Identification of conserved prolyl residue important for transport activity and the substrate specificity range of yeast plasma membrane Na+/H+ antiporters

Yeast plasma membrane Na+/H+ antiporters are divided according to their substrate specificity in two distinct subfamilies. To identify amino acid residues responsible for substrate specificity determination ( recognition of K+), the Zygosaccharomyces rouxii Sod2-22 antiporter ( non-transporting K+) was mutagenized and a collection of ZrSod2-22 mutants that improved the KCl tolerance of a salt-sensitive Saccharomyces cerevisiae strain was isolated. Several independent ZrSod2-22 mutated alleles contained the replacement of a highly conserved proline 145 with a residue containing a hydroxyl group ( Ser, Thr).
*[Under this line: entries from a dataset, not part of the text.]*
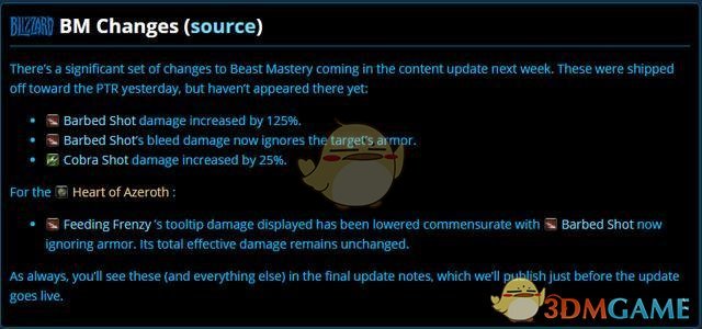 在下周的内容更新中,野兽控制猎人将会有一系列重大改动。这些改动已经在昨天推送到PTR上,但还没有实装: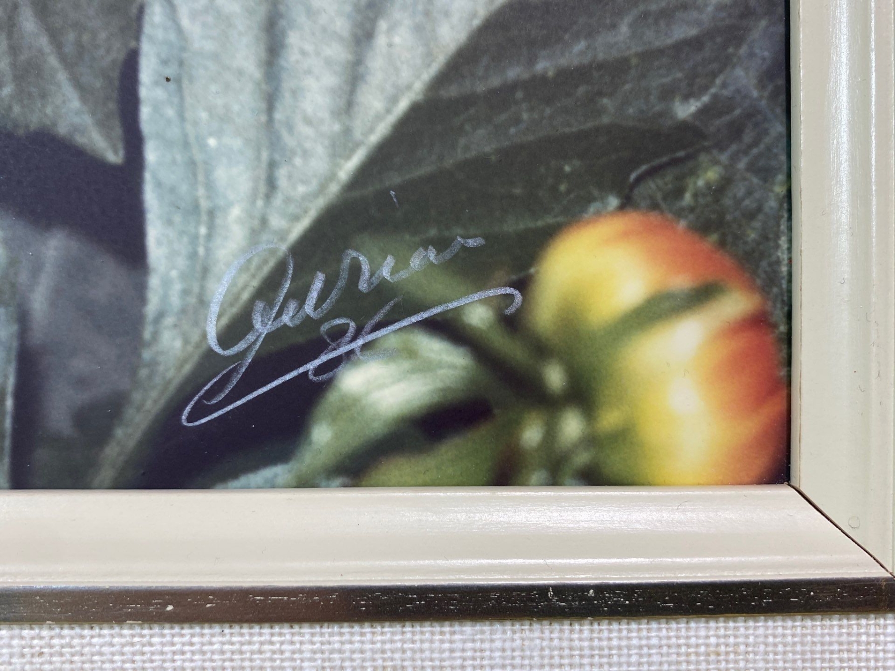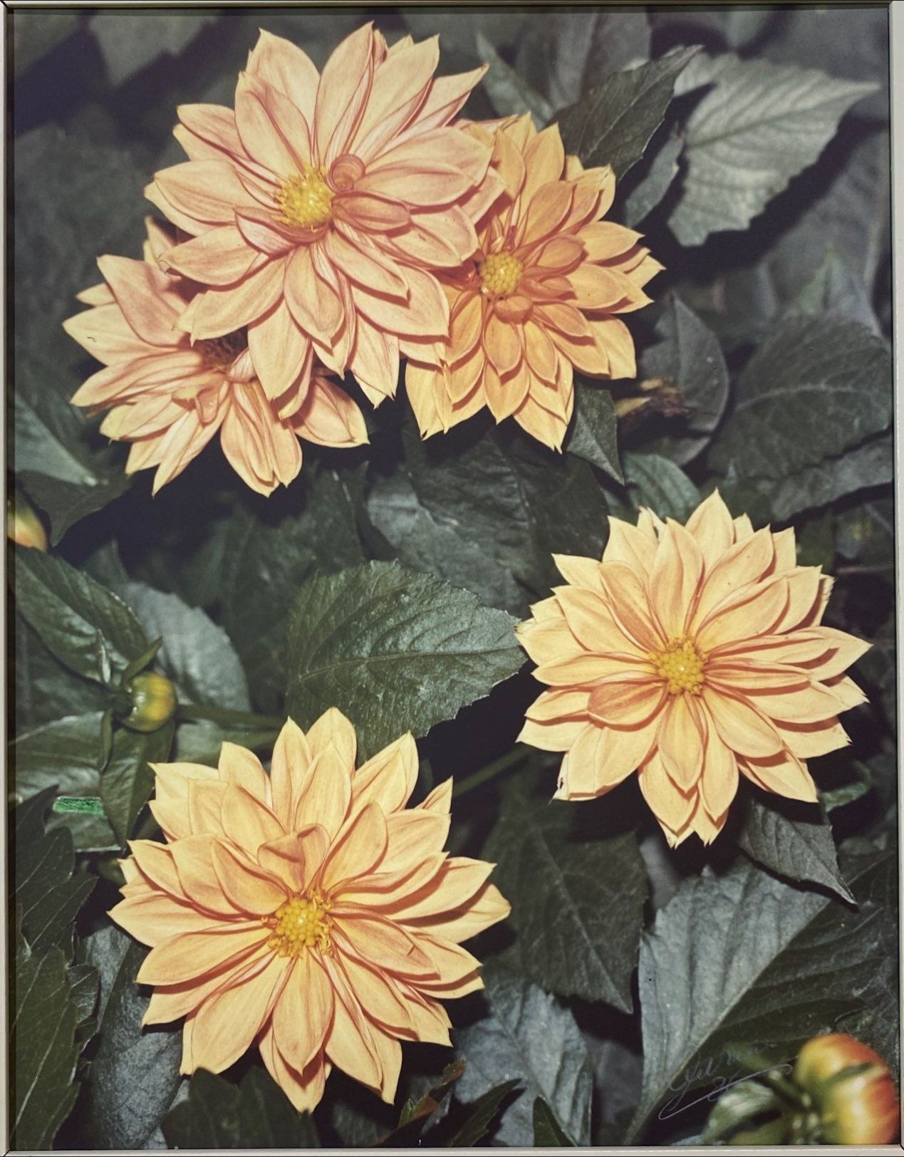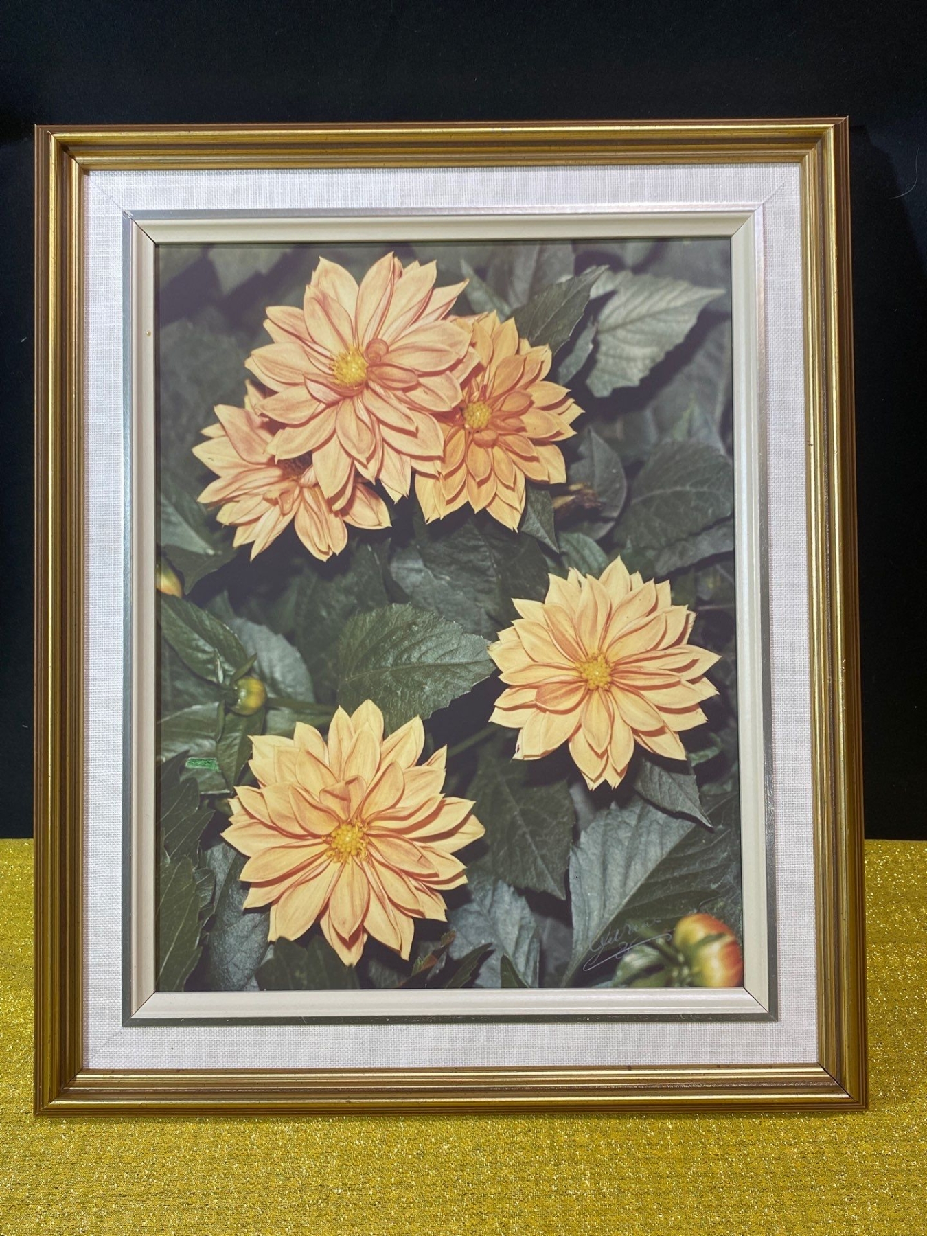 This framed image captures a vibrant bouquet of apricot-orange dahlias in full bloom, rendered with rich color and exquisite detail. The composition highlights the flowers’ lush petals and natural elegance, creating a lively yet graceful display. Signed by the artist, this work is perfect for collectors of floral art or anyone seeking a striking, decorative piece.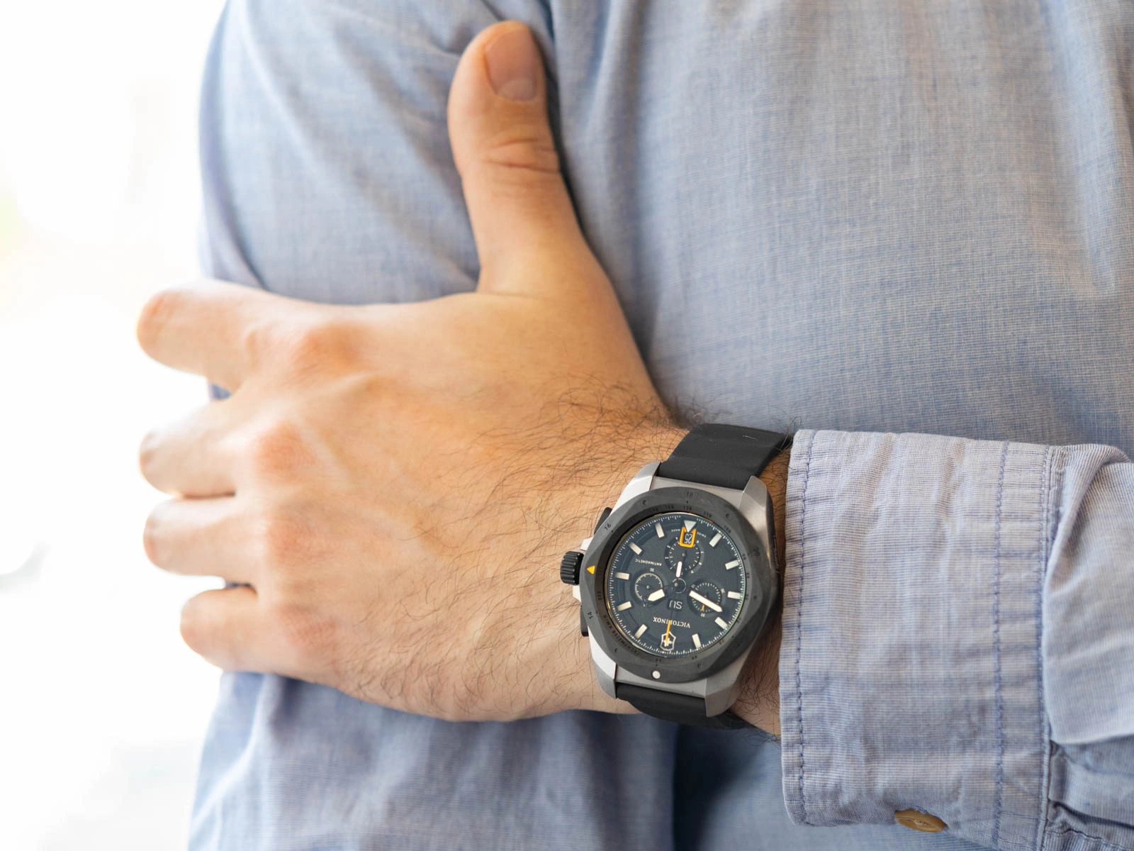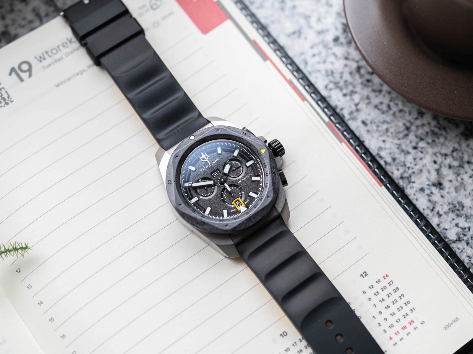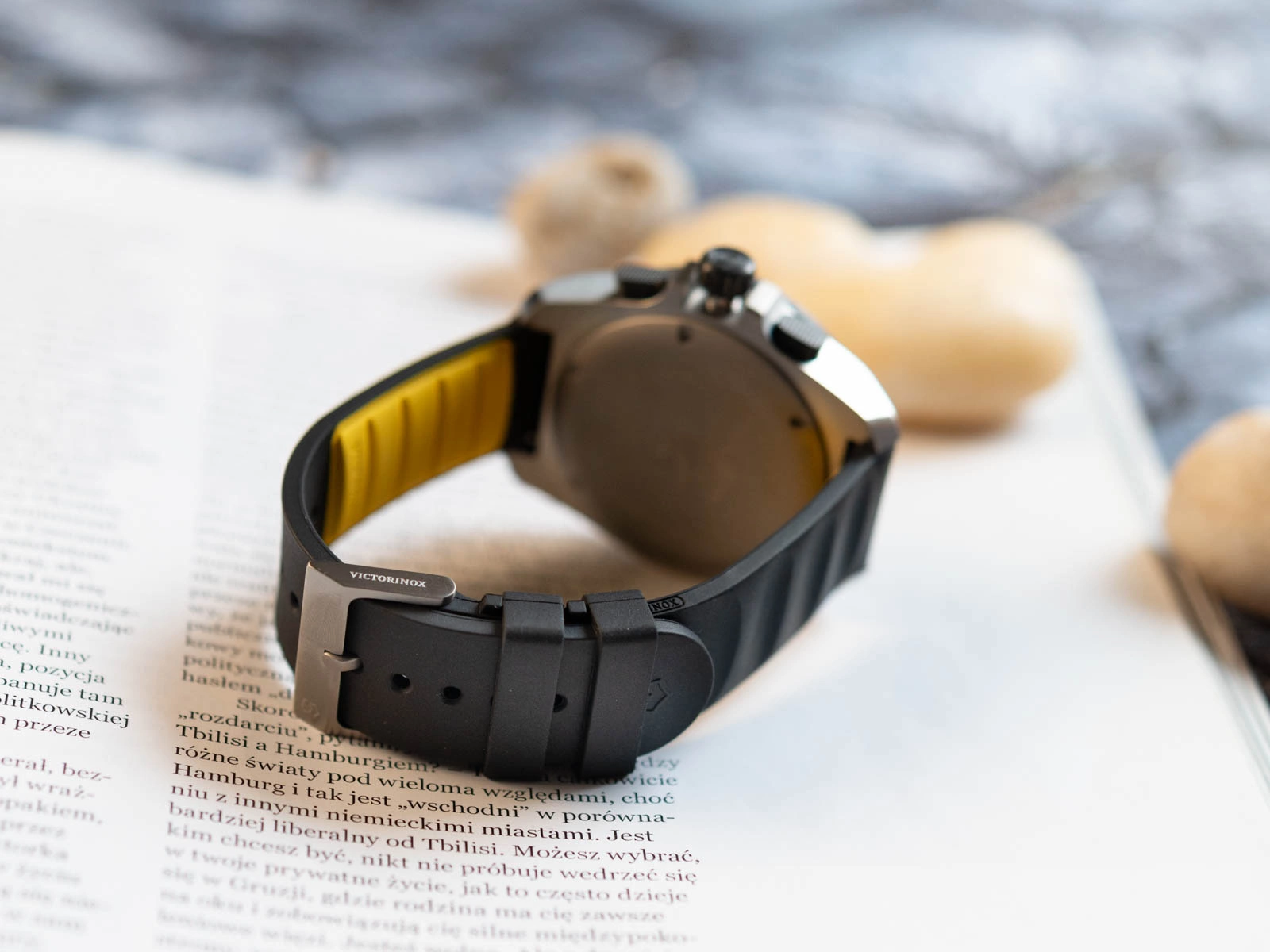 Victorinox 242011 INOX Chrono to wyraz doskonałego połączenia szwajcarskiej niezawodności, zaawansowanej funkcjonalności i nowoczesnego designu. Ten czasomierz został stworzony z myślą o osobach, które wymagają od zegarka czegoś więcej niż tylko odmierzania czasu – towarzysza codziennych wyzwań, niezależnie od tego, czy poruszasz się po zatłoczonych ulicach miasta, czy stawiasz czoła przygodom w terenie. Centralnym punktem zegarka jest piaskowana tarcza w kolorze głębokiej czerni, na której harmonijnie rozmieszczono trzy subtarcze chronografu oraz dyskretny datownik. Dzięki zastosowaniu powłoki luminescencyjnej na indeksach i wskazówkach, odczyt godziny jest intuicyjny nawet w całkowitych ciemnościach. Charakterystyczne logo Victorinox, umieszczone tuż pod godziną 12, stanowi nie tylko detal ozdobny, lecz także potwierdzenie najwyższej jakości wykonania i prestiżu szwajcarskiego producenta. Wytrzymała koperta zegarka została wykonana z lekkiego, a jednocześnie niezwykle odpornego tytanu. Dodatkowe wzmocnienie w postaci karbonowego bezela zapewnia dodatkową ochronę przy zachowaniu eleganckiego, sportowego charakteru. Ergonomiczne przyciski chronografu oraz zakręcana koronka pozwalają na sprawną obsługę funkcji, a wodoszczelność na poziomie 200m sprawia, że zegarek sprawdzi się również podczas intensywnych aktywności wodnych.Zegarek osadzono na czarnym pasku wykonanym z elastycznego kauczuku, który idealnie dopasowuje się do nadgarstka i zapewnia maksymalny komfort noszenia nawet przez cały dzień. Jego neutralny kolor doskonale komponuje się z chłodnym odcieniem stalowej koperty, tworząc nowoczesną, uniwersalną całość.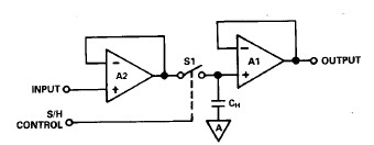 注意,在這種類型的S/H連接中,可以將輸入級接線,這樣(+)和(-)輸入端都可以連接外部選項,不過并非所有類型都能這樣做。憑借這種靈活性,S/H可以連接為(整體)反相或同相類型的S/H。應用電阻可能可用,也可能不可用。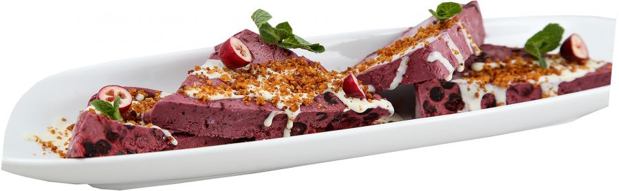 Melleņu parfē ar baltās šokolādes medus mērci un kukurūzas drupačām, 2 personām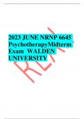 2023 JUNE NRNP 6645 PsychotherapyMidterm Exam WALDEN UNIVERSITY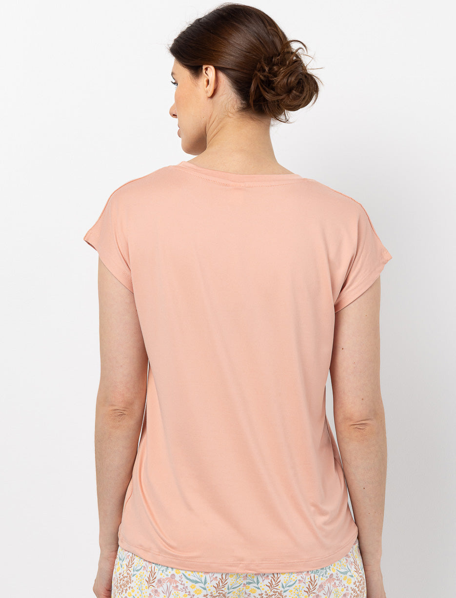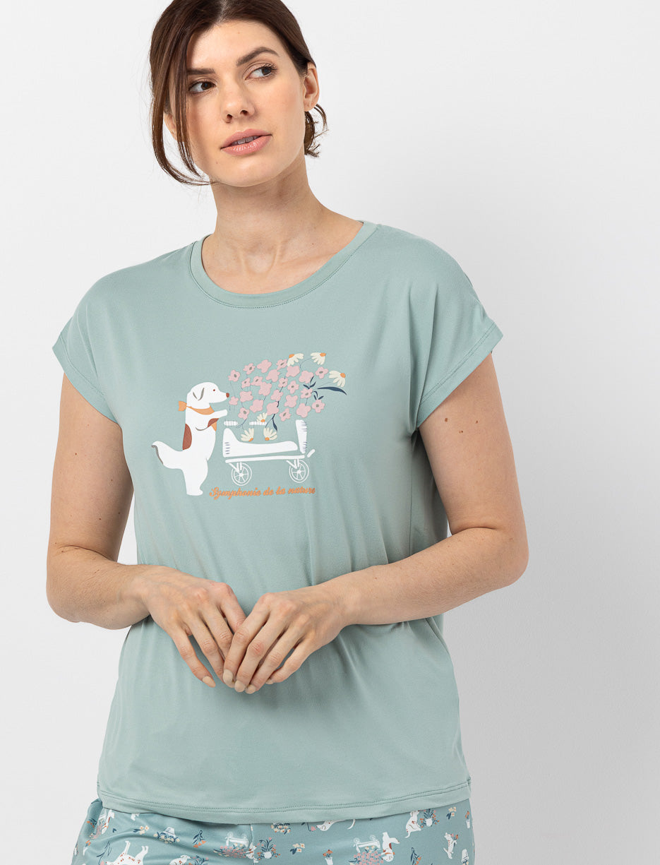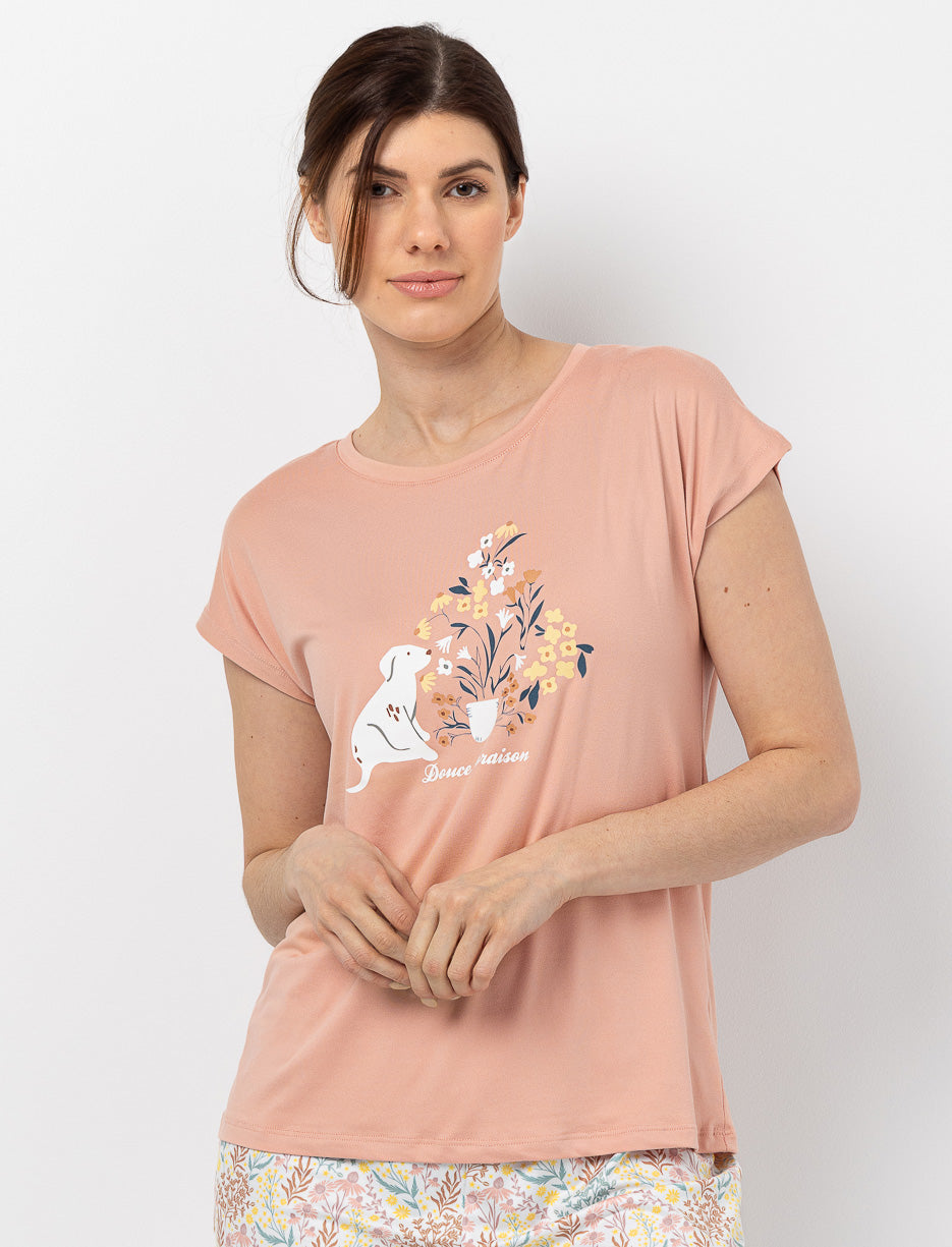 Enveloppez-vous de luxe avec ce pyjama en jersey brossé premium. Les manches dolman généreuses offrent une liberté de mouvement incomparable, tandis que le col dégagé assure un confort maximal pour vos nuits. L'imprimé distinctif ajoute une touche de style à votre détente. Douceur, élasticité et élégance réunies pour des moments de bien-être absolu.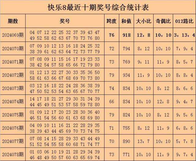 福彩快乐8第2024078期开出奖号:01 03 06 10 19 21 28 29 34 39 46 48 49 50 57 60 63 65 69 74,其中奖号跨度开出73,和值开出771,大小比开出10:10,奇偶比开出11:9,012路比开出9:7:4。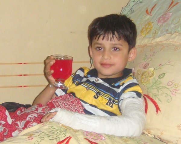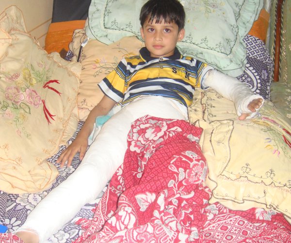 صورة للطفل اسلام ويظهر فيها أثار الكسور اليد اليسرى والحوض والرجل اليمنى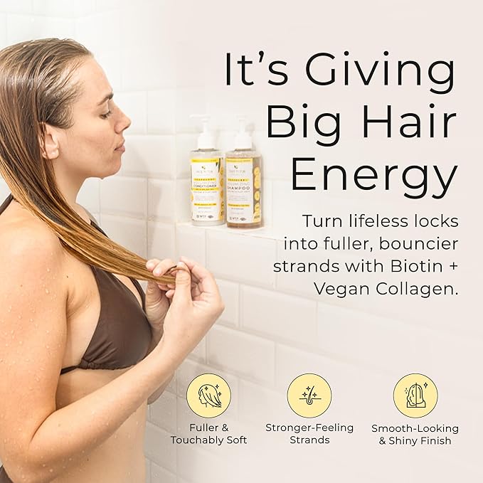 - FROM THIN TO THICK: Strengthening thin hair is easy with our volumizing shampoo and conditioner set for dry hair. Formulated to resist breakage with a vegan collagen thickener to boost weak hair.
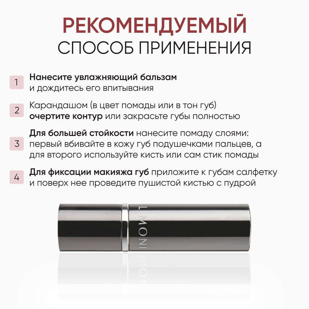 | Способ применения | Начните нанесение от центра верхней губы по дуге купидона, затем двигайтесь по направлению к уголкам и заполните центр губ. Для более четкого точного контура и интенсивного цвета используйте карандаш для губ. |

Site-directed mutagenesis of Pro(145) proved that an amino acid with a hydroxyl group at this position is enough to enable ZrSod2-22p to transport K+. Simultaneously, the P145( S/T) mutation decreased the antiporter transport activity for both Na+ and Li+. Replacement of Pro(145) with glycine resulted in a ZrSod2-22p with extremely low activity only for Na+, and the exchange of a charged residue ( Asp, Lys) for Pro(145) completely stopped the activity. Mutagenesis of the corresponding proline in the S. cerevisiae Nha1 antiporter ( Pro(146)) confirmed that this proline of the fifth transmembrane domain is a critical residue for antiporter function. This is the first evidence that a non-polar amino acid residue is important for the substrate specificity and activity of yeast Nha antiporters.